Only the lines from the one holding "Built-in AIGC creates" through the end of the records below are to be reproduced exactly, and pictures are to be omitted.

▶ **Listed records**:
+++

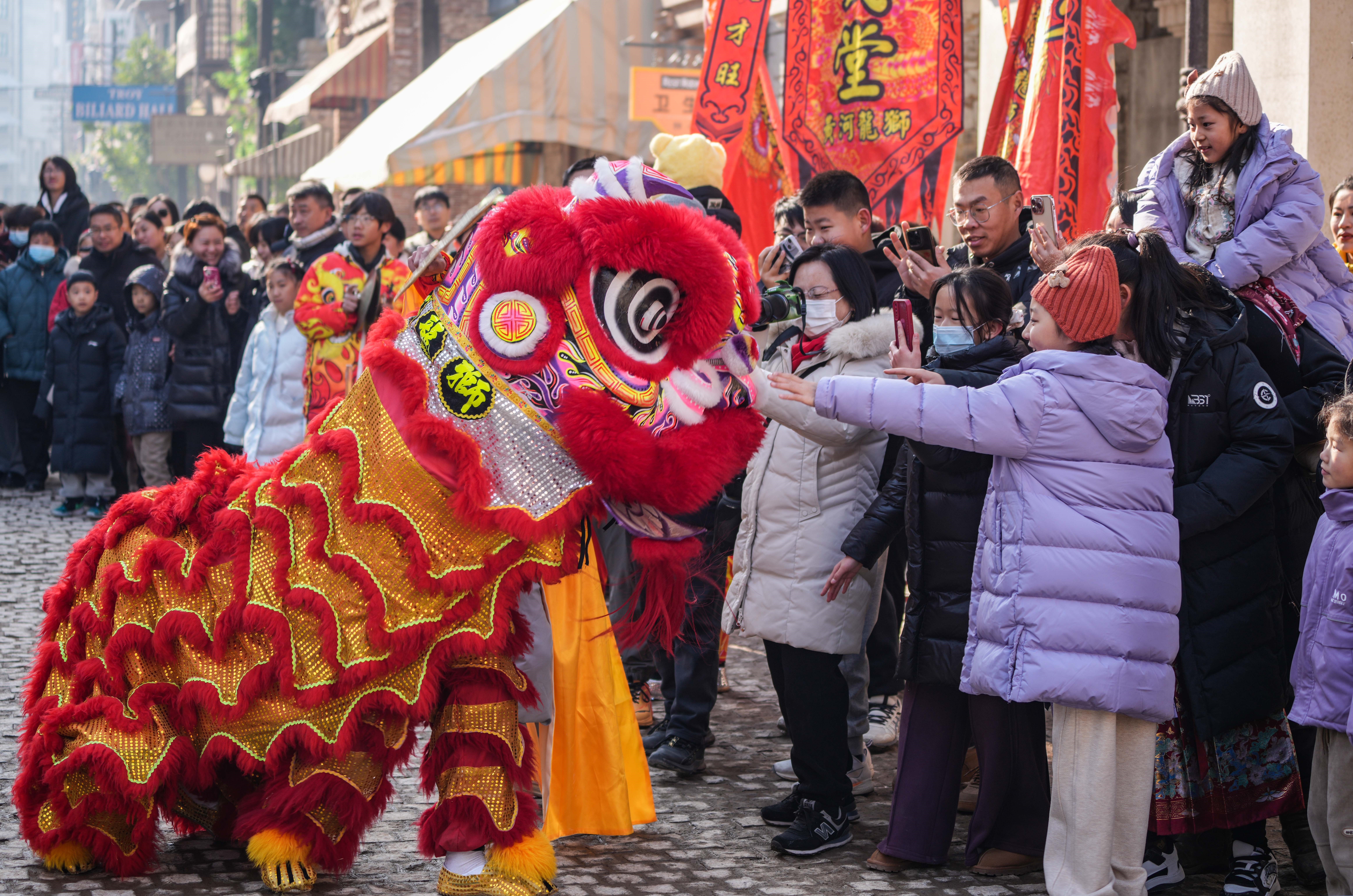 街道轉角處突然鑼鼓震天,一條由9人舞動的長龍從巷口騰躍而出,活靈活現地歡騰起舞,或上下翻飛,或蜿蜒盤旋,引得遊客陣陣喝彩,拍照留念。另一邊,幾隻活潑靈動的“舞獅”跑到孩子們面前撒嬌賣萌,逗得孩子們喜笑顏開,紛紛上手摸摸“舞獅”頭。
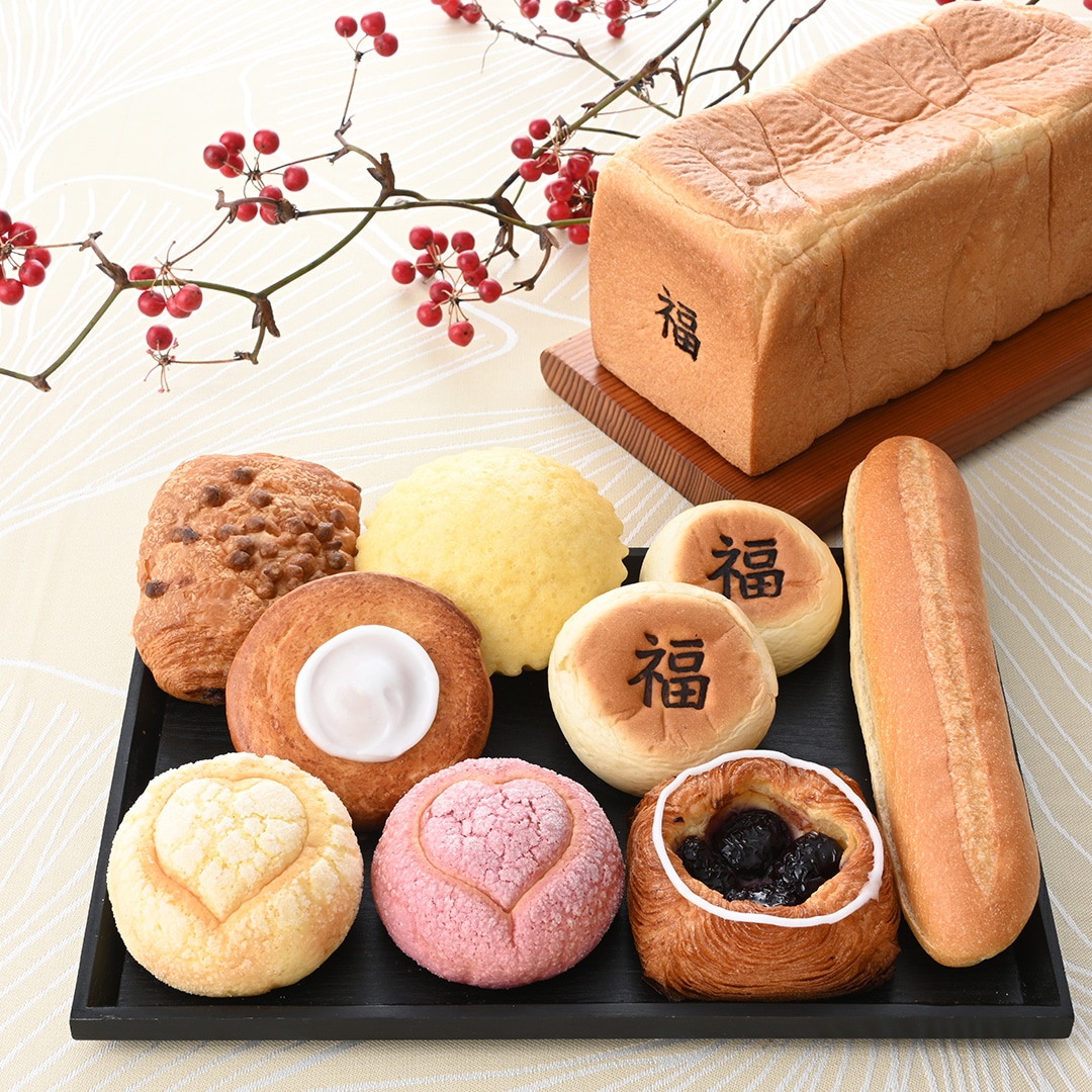 福印の入った食パン・あんぱんをはじめ、新年を迎えるお祝いのパンをアソートしました。お正月にご家族皆さんでお楽しみください。
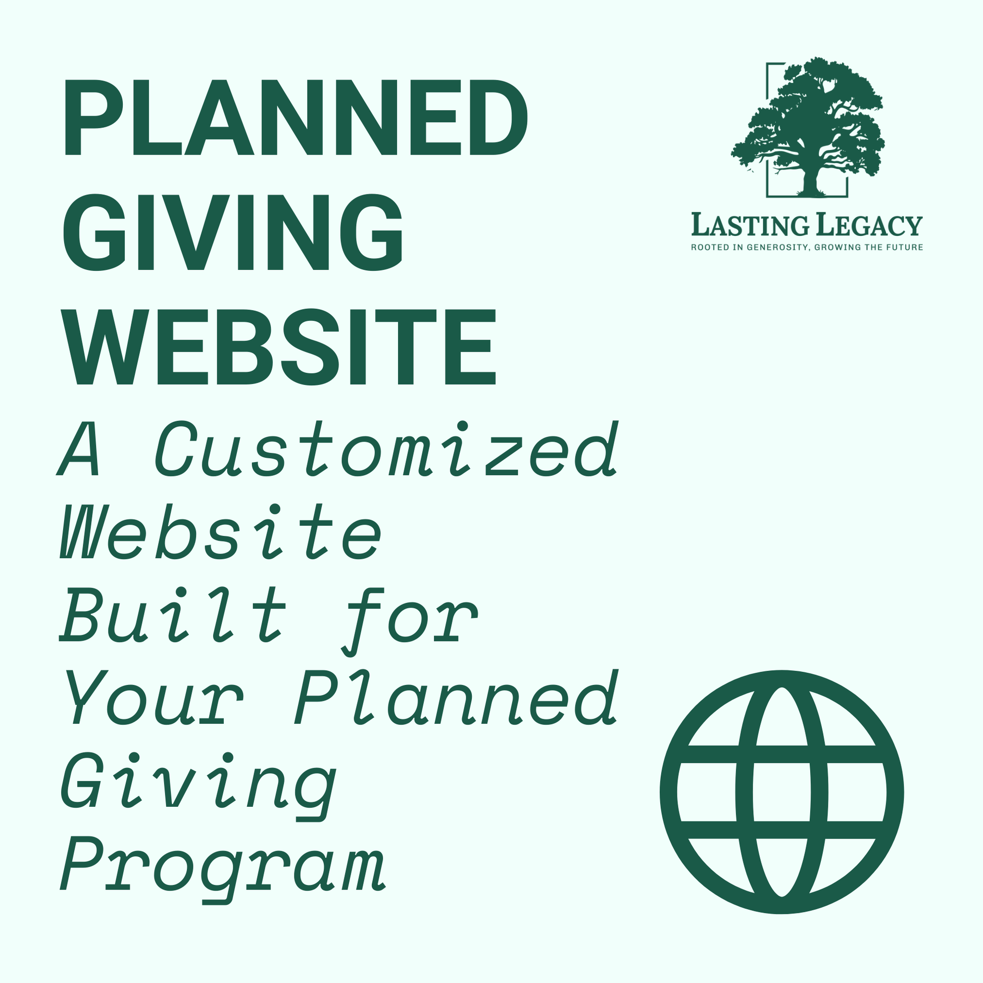At Lasting Legacy, we offer comprehensive planned giving website creation services tailored to nonprofits of all sizes. Our expert team designs and develops user-friendly, visually appealing websites that effectively communicate your organization's planned giving opportunities to potential donors. We understand the unique needs of different nonprofits, which is why we offer three distinct website packages: LegacyMicro for smaller shops, LegacyLite for organizations focusing on simple gifts, and LegacyPro for mature programs with advanced requirements.
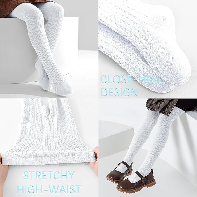 - MULTIPLE OCCASIONS: Available in 2 pack, suitable for dailywear and special occasions, such as birthday, Easter, Christmas, baptisms, holidays. Cable knit design and colorful tights easliy matches with different shoes and kids' outfits
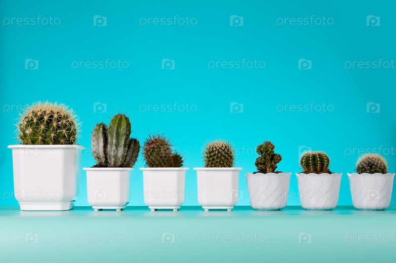 Кактусы в горшках на синем фоне
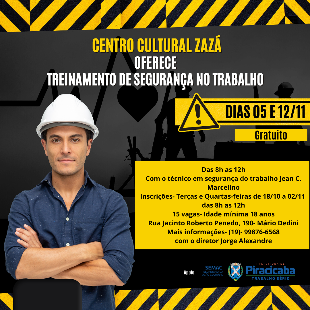 O Centro Cultural Zazá oferece nos dias 5 e 12/11, das 8h as 12h, treinamento gratuito em segurança do trabalho, com o técnico Jean C. Marcelino. São 15 vagas e a idade mínima para participar é 18 anos. As inscrições podem ser feitas todas terças e quartas-feiras, até 2 de novembro, das 8h as 12h, no próprio Centro Cultural Zazá, localizado na rua Jacinto Roberto Penedo, 190, Mário Dedini. O apoio é da Prefeitura de Piracicaba, por meio da Secretaria Municipal da Ação Cultural (Semac).
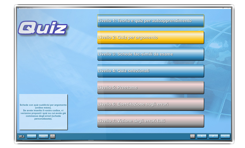 Il Livello 4 permette all’allievo di esercitarsi sui quiz statisticamente considerati più difficili – su quelli selezionati in aula dall’insegnante – sui quiz nuovi.
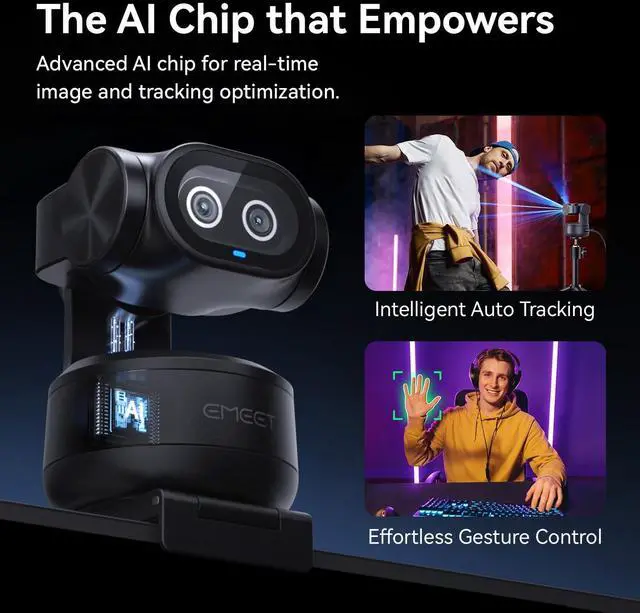 Built-in AIGC creates shot lists and movements. The PIXY podcast camera also has remote (ASIN: B0FP281Z19) adding hands-free control. ^^ 3-Mic Array for Multiple Scenes - EMEET PIXY PTZ camera uses a triple-mic array for crystal-clear sound. Live Mode filters steady noise like fans&AC for smooth live streams. Noise Canceling Mode blocks both steady hums and sudden sounds like keyboard clicks or door slams, designed for podcasts, courses, and recordings. Original Sound Mode captures full ambient detail for music and singing. With multiple recording modes, PIXY streaming webcam achieves studio-grade versatility without extra mics.
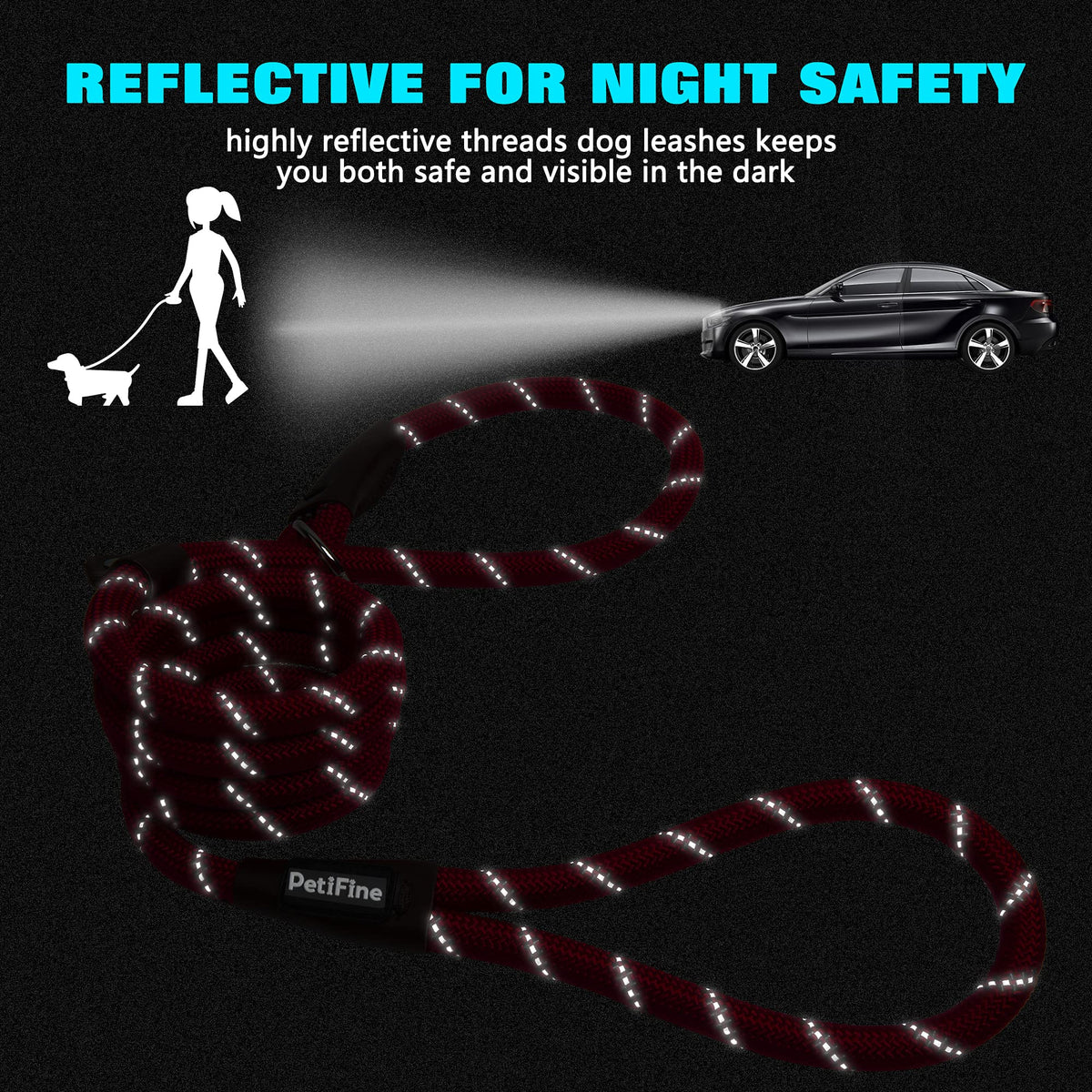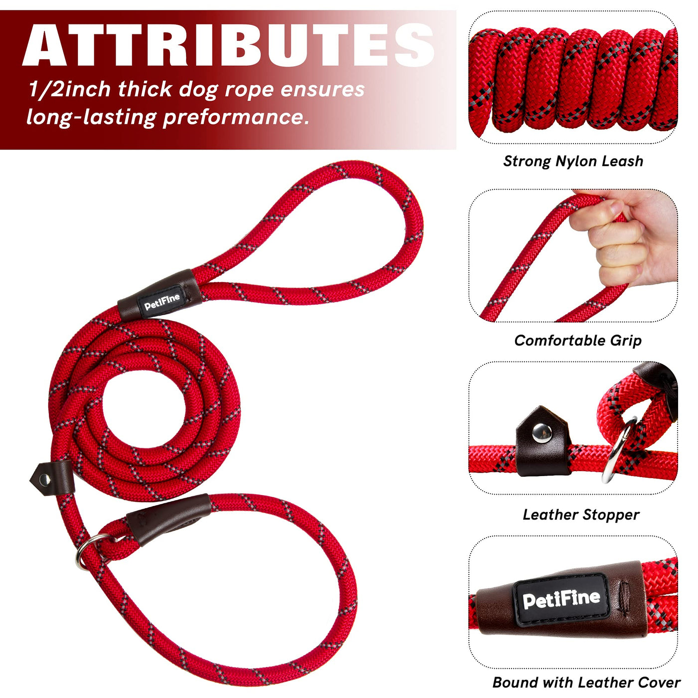 Petifine 6 Ft Premium Quality Slip Lead Dog Rope Leash Is Built With Heavy-Duty Nylon Material. It Is Extremely Durable And Comfortable. Great For Walking , Running And Training. Benefits: One Size Fits All: Our Slipknot Leash With Slide Loop Lets You Customize The Greatest Comfort For Your Dog. It Means That You Don 'T Need An Extra Collar Or Harness And The Fully Adjustable Design Fits All Dogs. High Visibility At Night:This Dog Leash Have Reflective Stitching That Can Improve Security And Can Be Seen More Easily When You Walking Your Dog In The Dark. More Colors To Choose: We Have 7 Different Colors, You Can Choose Your Favorite Color. Dimensions:6Ft Long, 0.5In Wide Dog Rope Leash Give Your Dog Enough Freedom And Ideal Control In Almost Any Situation. Warm Tip: Please Don 'T Allow Your Dog To Chew This Leash.
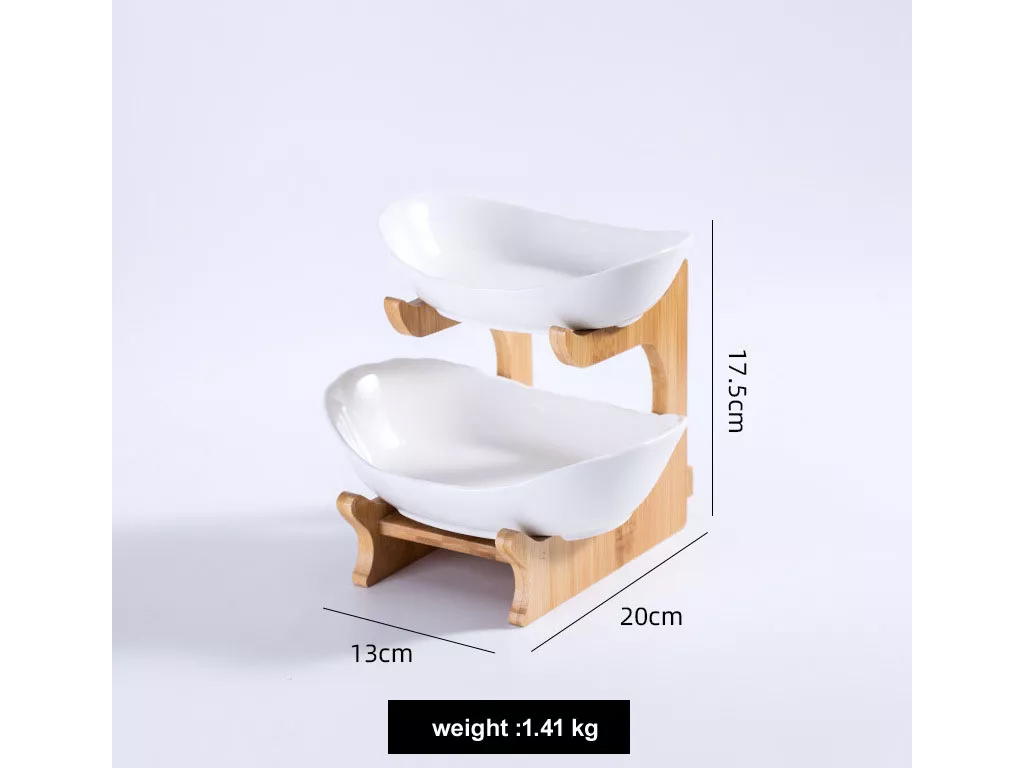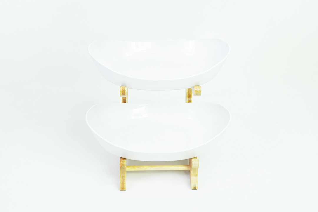 Snack plate ชุดชั้นวางขนม 2 ชั้น จานผลไม้ สีขาว 15x21x22 cm ST210721-17WH
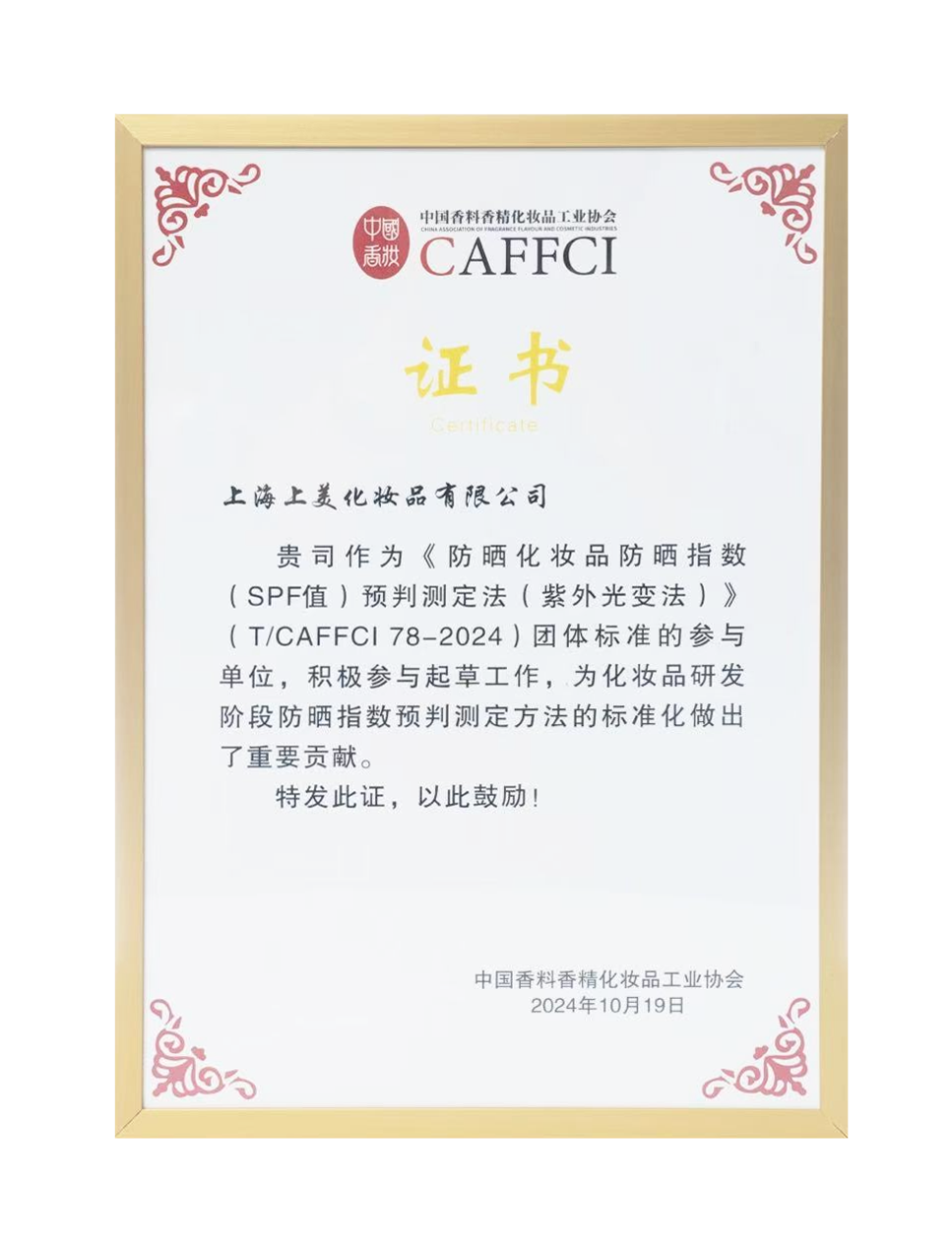 作為領(lǐng)軍企業(yè),上美股份也不斷推動(dòng)中國(guó)化妝品行業(yè)的進(jìn)步,參與多項(xiàng)行業(yè)規(guī)范和標(biāo)準(zhǔn)的制定。例如,今年,上美作為《防曬化妝品防曬指數(shù)(SPF值)預(yù)判測(cè)定法(紫外光變法)》(T/CAFFCI78-2024)團(tuán)體標(biāo)準(zhǔn)的參與單位,積極參與起草工作,因此也在本次大會(huì)上受到了香化協(xié)會(huì)表彰,感謝上美為化妝品研發(fā)發(fā)展做出的重要貢獻(xiàn)。

+++

▶ **Problem solution**:
 Built-in AIGC creates shot lists and movements. The PIXY podcast camera also has remote (ASIN: B0FP281Z19) adding hands-free control. ^^ 3-Mic Array for Multiple Scenes - EMEET PIXY PTZ camera uses a triple-mic array for crystal-clear sound. Live Mode filters steady noise like fans&AC for smooth live streams. Noise Canceling Mode blocks both steady hums and sudden sounds like keyboard clicks or door slams, designed for podcasts, courses, and recordings. Original Sound Mode captures full ambient detail for music and singing. With multiple recording modes, PIXY streaming webcam achieves studio-grade versatility without extra mics.
 Petifine 6 Ft Premium Quality Slip Lead Dog Rope Leash Is Built With Heavy-Duty Nylon Material. It Is Extremely Durable And Comfortable. Great For Walking , Running And Training. Benefits: One Size Fits All: Our Slipknot Leash With Slide Loop Lets You Customize The Greatest Comfort For Your Dog. It Means That You Don 'T Need An Extra Collar Or Harness And The Fully Adjustable Design Fits All Dogs. High Visibility At Night:This Dog Leash Have Reflective Stitching That Can Improve Security And Can Be Seen More Easily When You Walking Your Dog In The Dark. More Colors To Choose: We Have 7 Different Colors, You Can Choose Your Favorite Color. Dimensions:6Ft Long, 0.5In Wide Dog Rope Leash Give Your Dog Enough Freedom And Ideal Control In Almost Any Situation. Warm Tip: Please Don 'T Allow Your Dog To Chew This Leash.
 Snack plate ชุดชั้นวางขนม 2 ชั้น จานผลไม้ สีขาว 15x21x22 cm ST210721-17WH
 作為領(lǐng)軍企業(yè),上美股份也不斷推動(dòng)中國(guó)化妝品行業(yè)的進(jìn)步,參與多項(xiàng)行業(yè)規(guī)范和標(biāo)準(zhǔn)的制定。例如,今年,上美作為《防曬化妝品防曬指數(shù)(SPF值)預(yù)判測(cè)定法(紫外光變法)》(T/CAFFCI78-2024)團(tuán)體標(biāo)準(zhǔn)的參與單位,積極參與起草工作,因此也在本次大會(huì)上受到了香化協(xié)會(huì)表彰,感謝上美為化妝品研發(fā)發(fā)展做出的重要貢獻(xiàn)。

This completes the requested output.